Your instructions: What you give back from the listing below should be an exact copy of the lines from the one with "工学已霸榜最赚钱专业。据《2" down to the one with "Костюм-двойка из приталенного", and it should contain no pictures.

Material provided:

_ _ _ _ _

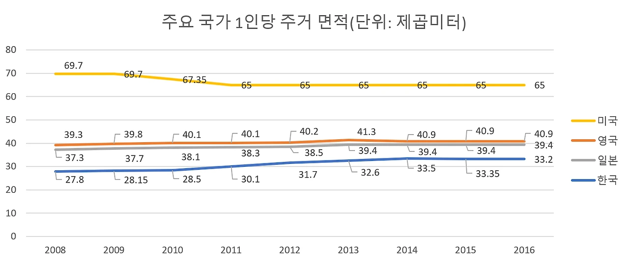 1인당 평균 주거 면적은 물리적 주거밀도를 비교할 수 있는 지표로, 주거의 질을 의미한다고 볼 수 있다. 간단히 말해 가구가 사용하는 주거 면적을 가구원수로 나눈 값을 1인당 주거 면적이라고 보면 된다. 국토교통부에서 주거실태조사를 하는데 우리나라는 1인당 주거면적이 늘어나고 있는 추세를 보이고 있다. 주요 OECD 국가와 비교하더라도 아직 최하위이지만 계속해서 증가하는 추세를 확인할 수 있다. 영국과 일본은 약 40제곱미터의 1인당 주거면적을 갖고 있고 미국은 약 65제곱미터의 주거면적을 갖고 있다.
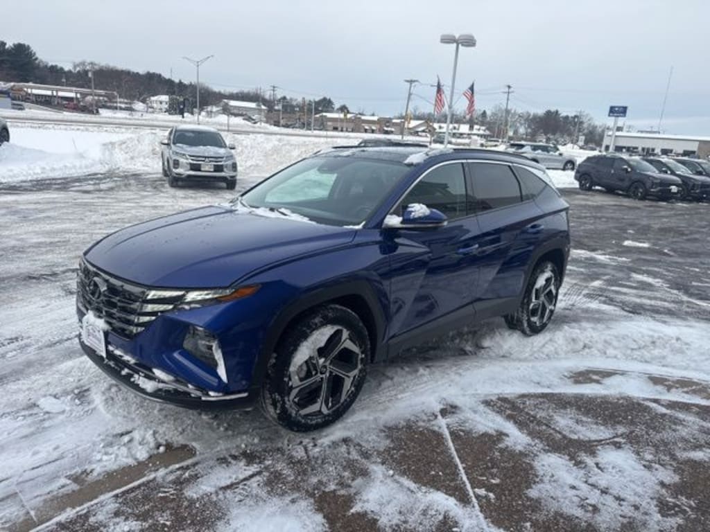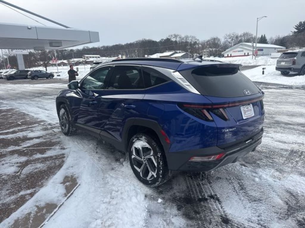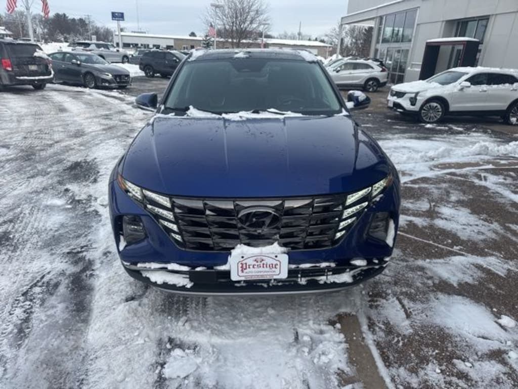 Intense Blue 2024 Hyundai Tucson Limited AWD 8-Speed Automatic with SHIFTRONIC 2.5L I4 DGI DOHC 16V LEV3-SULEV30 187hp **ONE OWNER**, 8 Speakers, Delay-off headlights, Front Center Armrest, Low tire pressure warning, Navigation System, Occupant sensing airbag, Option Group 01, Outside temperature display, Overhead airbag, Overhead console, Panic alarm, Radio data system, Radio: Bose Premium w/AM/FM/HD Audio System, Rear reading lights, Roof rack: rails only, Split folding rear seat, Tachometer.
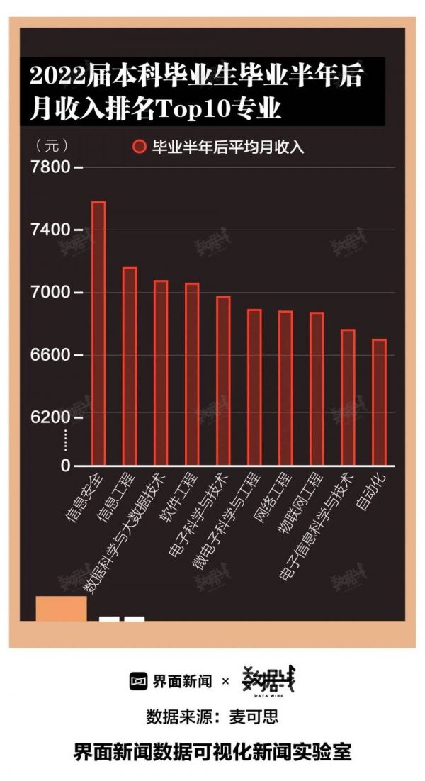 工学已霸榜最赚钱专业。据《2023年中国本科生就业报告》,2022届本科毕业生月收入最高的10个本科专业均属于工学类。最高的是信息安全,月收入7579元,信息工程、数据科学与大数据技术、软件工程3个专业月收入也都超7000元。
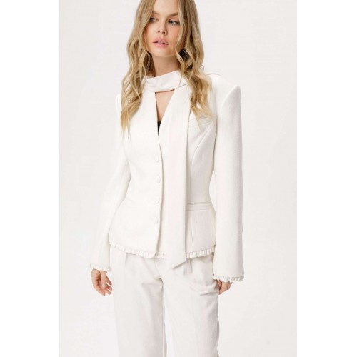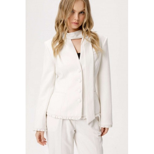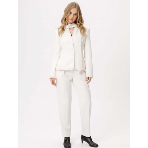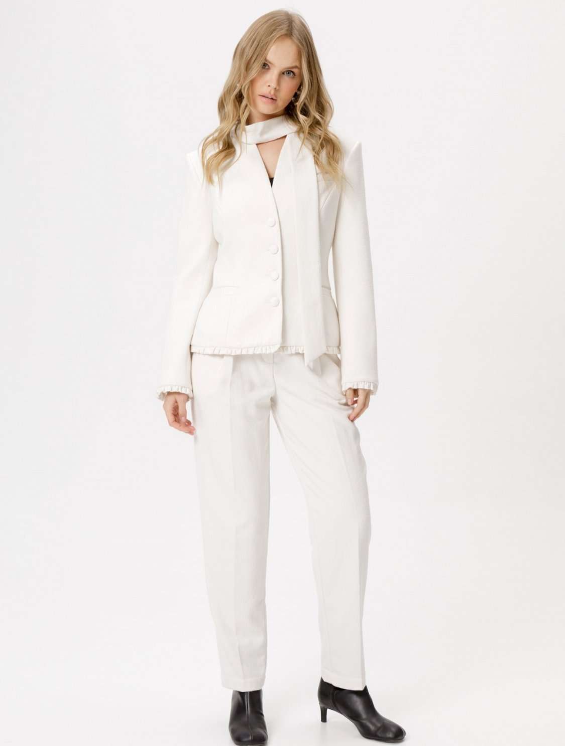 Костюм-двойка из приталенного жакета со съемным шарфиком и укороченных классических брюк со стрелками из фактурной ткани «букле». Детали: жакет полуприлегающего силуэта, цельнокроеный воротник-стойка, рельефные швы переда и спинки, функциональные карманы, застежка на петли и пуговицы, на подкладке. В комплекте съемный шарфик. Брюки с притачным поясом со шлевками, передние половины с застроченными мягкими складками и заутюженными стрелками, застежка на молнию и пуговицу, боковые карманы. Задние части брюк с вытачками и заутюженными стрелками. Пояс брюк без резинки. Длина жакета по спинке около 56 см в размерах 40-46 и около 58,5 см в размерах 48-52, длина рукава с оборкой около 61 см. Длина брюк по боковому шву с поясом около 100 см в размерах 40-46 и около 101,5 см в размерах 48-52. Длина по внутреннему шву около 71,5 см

_ _ _ _ _

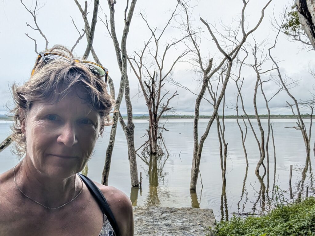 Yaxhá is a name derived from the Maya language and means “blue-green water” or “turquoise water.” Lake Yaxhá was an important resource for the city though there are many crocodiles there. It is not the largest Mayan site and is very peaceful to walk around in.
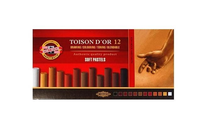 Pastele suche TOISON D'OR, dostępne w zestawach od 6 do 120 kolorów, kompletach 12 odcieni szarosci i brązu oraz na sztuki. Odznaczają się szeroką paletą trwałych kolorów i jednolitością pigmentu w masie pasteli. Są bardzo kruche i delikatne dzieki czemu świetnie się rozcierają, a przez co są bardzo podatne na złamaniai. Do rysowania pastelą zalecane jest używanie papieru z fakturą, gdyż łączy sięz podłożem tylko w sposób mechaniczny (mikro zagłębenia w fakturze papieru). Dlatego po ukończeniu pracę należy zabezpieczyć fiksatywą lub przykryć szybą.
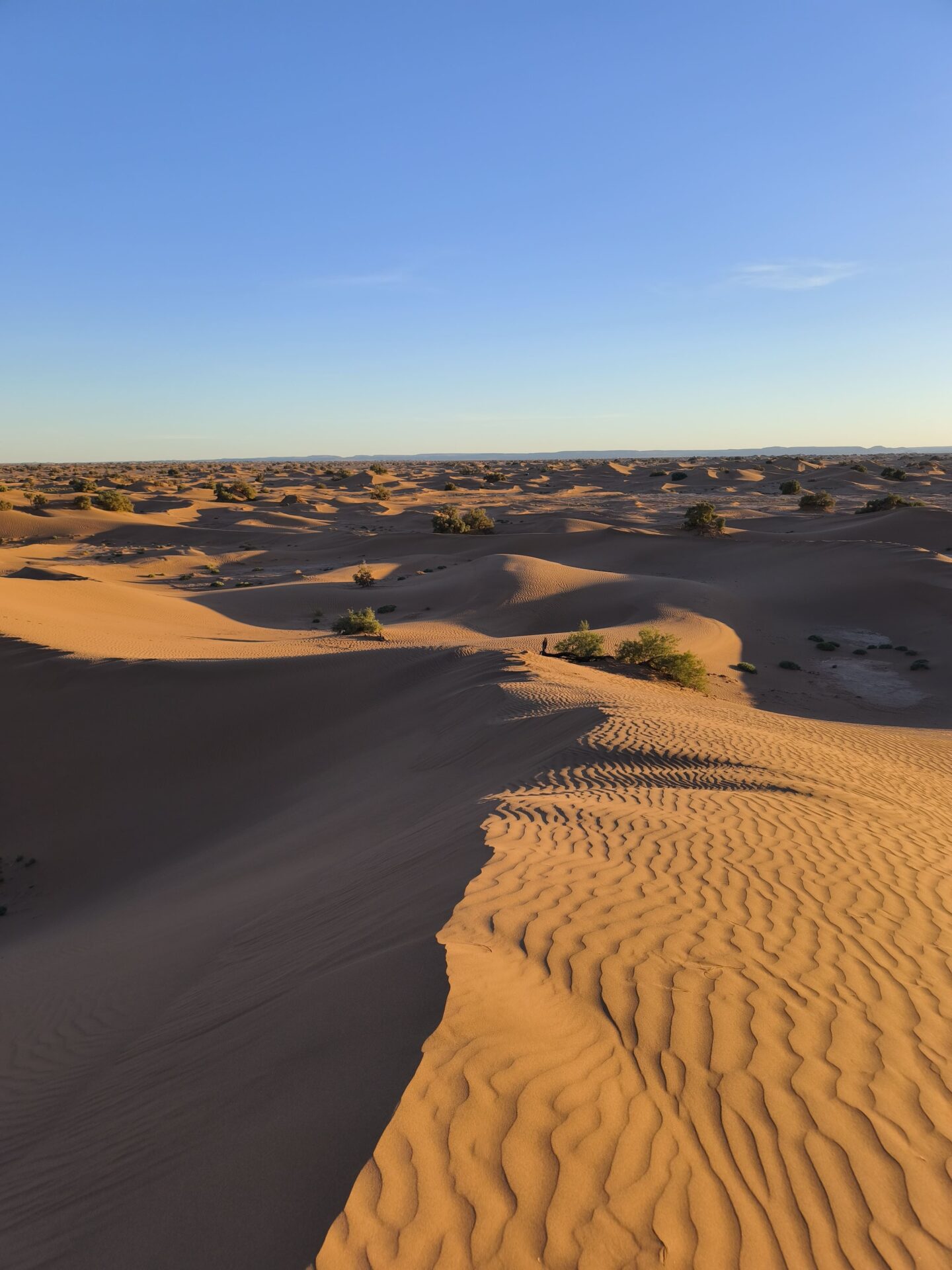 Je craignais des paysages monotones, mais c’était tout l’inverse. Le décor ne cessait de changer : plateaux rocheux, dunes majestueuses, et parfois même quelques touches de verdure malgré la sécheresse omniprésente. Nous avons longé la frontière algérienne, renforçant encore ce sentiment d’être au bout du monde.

_ _ _ _ _

Result of the task:
 工学已霸榜最赚钱专业。据《2023年中国本科生就业报告》,2022届本科毕业生月收入最高的10个本科专业均属于工学类。最高的是信息安全,月收入7579元,信息工程、数据科学与大数据技术、软件工程3个专业月收入也都超7000元。
 Костюм-двойка из приталенного жакета со съемным шарфиком и укороченных классических брюк со стрелками из фактурной ткани «букле». Детали: жакет полуприлегающего силуэта, цельнокроеный воротник-стойка, рельефные швы переда и спинки, функциональные карманы, застежка на петли и пуговицы, на подкладке. В комплекте съемный шарфик. Брюки с притачным поясом со шлевками, передние половины с застроченными мягкими складками и заутюженными стрелками, застежка на молнию и пуговицу, боковые карманы. Задние части брюк с вытачками и заутюженными стрелками. Пояс брюк без резинки. Длина жакета по спинке около 56 см в размерах 40-46 и около 58,5 см в размерах 48-52, длина рукава с оборкой около 61 см. Длина брюк по боковому шву с поясом около 100 см в размерах 40-46 и около 101,5 см в размерах 48-52. Длина по внутреннему шву около 71,5 см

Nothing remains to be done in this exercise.